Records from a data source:

*** Block opens ***

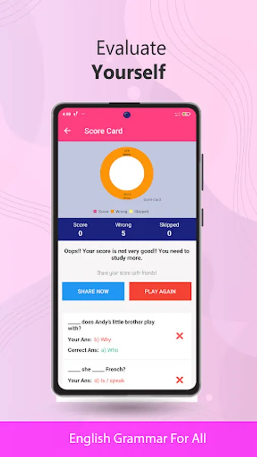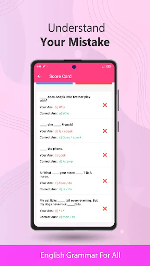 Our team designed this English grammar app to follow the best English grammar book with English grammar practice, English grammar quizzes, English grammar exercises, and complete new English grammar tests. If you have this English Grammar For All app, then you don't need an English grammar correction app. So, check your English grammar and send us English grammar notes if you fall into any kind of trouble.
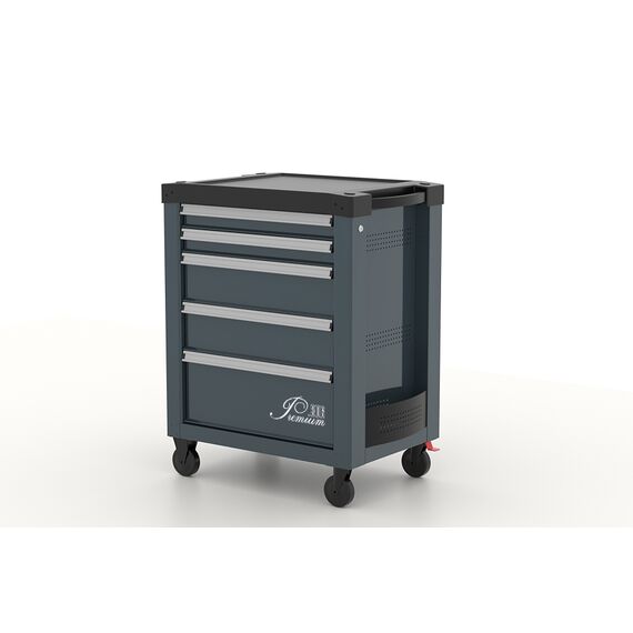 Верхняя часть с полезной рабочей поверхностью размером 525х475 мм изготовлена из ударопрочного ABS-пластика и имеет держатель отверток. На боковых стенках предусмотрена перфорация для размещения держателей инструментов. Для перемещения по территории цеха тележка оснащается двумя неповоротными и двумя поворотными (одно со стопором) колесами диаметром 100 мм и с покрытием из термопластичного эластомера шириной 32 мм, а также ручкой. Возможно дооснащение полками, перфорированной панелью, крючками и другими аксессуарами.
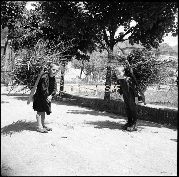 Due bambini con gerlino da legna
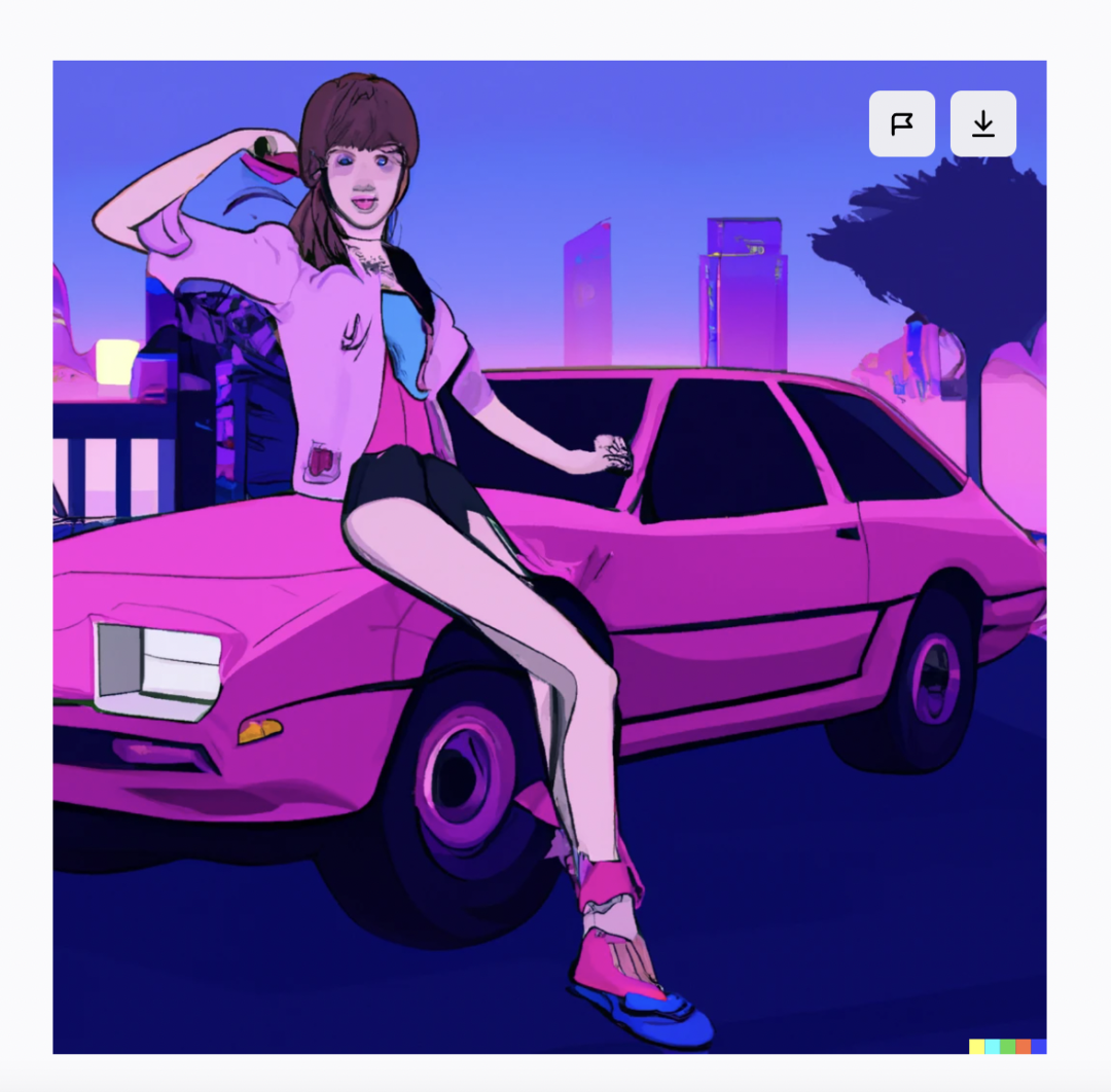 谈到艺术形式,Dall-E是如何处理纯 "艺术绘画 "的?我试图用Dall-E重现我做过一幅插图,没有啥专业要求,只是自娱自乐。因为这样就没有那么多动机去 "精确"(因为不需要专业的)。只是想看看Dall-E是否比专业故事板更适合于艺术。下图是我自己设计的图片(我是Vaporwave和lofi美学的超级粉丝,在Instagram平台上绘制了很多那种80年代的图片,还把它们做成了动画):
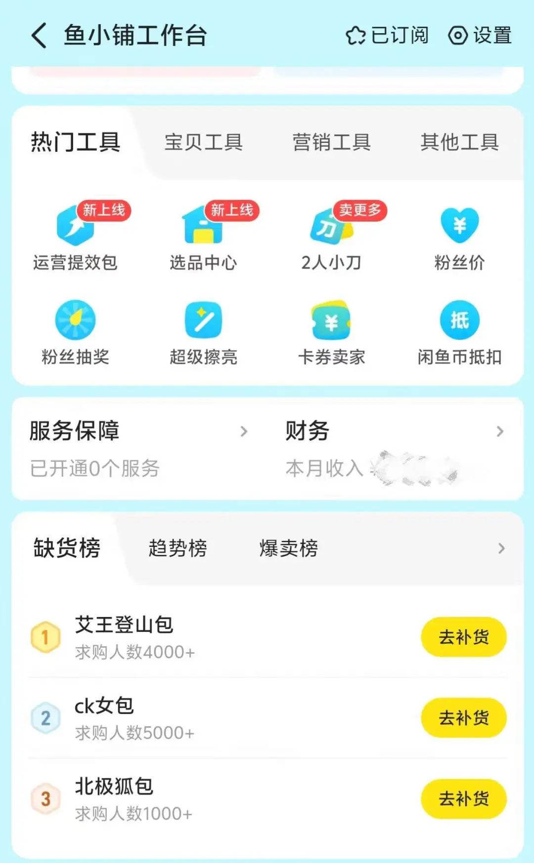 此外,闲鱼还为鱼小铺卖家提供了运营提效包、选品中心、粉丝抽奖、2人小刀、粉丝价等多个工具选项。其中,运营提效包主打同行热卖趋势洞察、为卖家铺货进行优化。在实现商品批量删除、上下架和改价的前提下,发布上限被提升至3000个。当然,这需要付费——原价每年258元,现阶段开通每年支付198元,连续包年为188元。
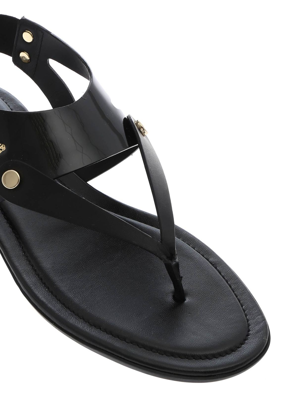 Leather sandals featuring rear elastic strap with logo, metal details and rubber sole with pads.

*** Block closes ***

**Task to complete**
Transcribe the entries above verbatim, excluding any image.

**Answer**
 Our team designed this English grammar app to follow the best English grammar book with English grammar practice, English grammar quizzes, English grammar exercises, and complete new English grammar tests. If you have this English Grammar For All app, then you don't need an English grammar correction app. So, check your English grammar and send us English grammar notes if you fall into any kind of trouble.
 Верхняя часть с полезной рабочей поверхностью размером 525х475 мм изготовлена из ударопрочного ABS-пластика и имеет держатель отверток. На боковых стенках предусмотрена перфорация для размещения держателей инструментов. Для перемещения по территории цеха тележка оснащается двумя неповоротными и двумя поворотными (одно со стопором) колесами диаметром 100 мм и с покрытием из термопластичного эластомера шириной 32 мм, а также ручкой. Возможно дооснащение полками, перфорированной панелью, крючками и другими аксессуарами.
 Due bambini con gerlino da legna
 谈到艺术形式,Dall-E是如何处理纯 "艺术绘画 "的?我试图用Dall-E重现我做过一幅插图,没有啥专业要求,只是自娱自乐。因为这样就没有那么多动机去 "精确"(因为不需要专业的)。只是想看看Dall-E是否比专业故事板更适合于艺术。下图是我自己设计的图片(我是Vaporwave和lofi美学的超级粉丝,在Instagram平台上绘制了很多那种80年代的图片,还把它们做成了动画):
 此外,闲鱼还为鱼小铺卖家提供了运营提效包、选品中心、粉丝抽奖、2人小刀、粉丝价等多个工具选项。其中,运营提效包主打同行热卖趋势洞察、为卖家铺货进行优化。在实现商品批量删除、上下架和改价的前提下,发布上限被提升至3000个。当然,这需要付费——原价每年258元,现阶段开通每年支付198元,连续包年为188元。
 Leather sandals featuring rear elastic strap with logo, metal details and rubber sole with pads.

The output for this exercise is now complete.